IFS Therapy: A Powerful New Way to Map Your Self-Connection

If you’ve ever felt like different parts of you are pulling in opposite directions—one side pushing you to keep going while another desperately wanting rest—you’re not alone. This inner tug-of-war is something many people experience, especially those navigating anxiety, perfectionism, or patterns that feel impossible to break.

As an IFS-trained therapist, this is something I see all the time—and something I care deeply about helping people untangle.

What is Internal Family Systems Therapy?

Internal family systems therapy (often shortened to “IFS therapy”) offers a gentle framework for understanding those inner conflicts. Rather than viewing your struggles as something wrong with you, the IFS model recognizes that your mind naturally contains different parts, each with its own feelings, fears, and protective intentions. Alongside these parts exists your core “Self”—a calm, wise center that can lead your internal system with compassion.

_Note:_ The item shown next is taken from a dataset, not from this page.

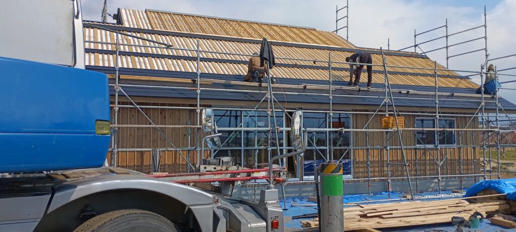 長尺ガルバリウム鋼板を現場で成型する。約15m。

Developed by Dr. Richard Schwartz in the 1980s, the IFS theory has grown into an evidence-based approach now used worldwide for trauma, depression, and anxiety. Dr. Bessel van der Kolk, a leading trauma specialist, called IFS “the treatment method that all clinicians should know.

At Be Calm Therapy in the San Francisco Bay Area (and online throughout Texas), I use IFS-informed therapy to help adults struggling with anxiety, relationship patterns, and self-trust. If you’ve ever wondered why you can’t seem to quiet your inner critic or stop repeating the same painful emotions in relationships, this approach might resonate with you.

And here’s something important: having different parts is completely normal. It has nothing to do with multiple personalities. It’s simply how the human mind works.

The IFS Model: Understanding How Parts Work in Therapy

IFS therapy is often referred to as “Parts Work”. At its core, it’s simple: we all have different parts of us. And one of the most healing things we can do is to learn how to relate to them differently. Not by pushing them away, but by getting to know them. Listening. Understanding. The way we might with someone we care about.

Think about the last time you felt conflicted. Maybe one part of you wanted to speak up in a meeting while another part told you to stay quiet and safe. Or perhaps at 10pm, one part pushed you to finish just one more task while another part begged for rest.

If you’ve seen the movie Inside Out, you already have a sense of how IFS works. Different emotional parts show up at different times, each with their own perspective and role in your life.

In internal family systems, these parts are like sub-personalities—they carry their own beliefs, emotions, and protective functions. None of them are bad. They’re all trying to help you, even when their strategies create problems in your daily life.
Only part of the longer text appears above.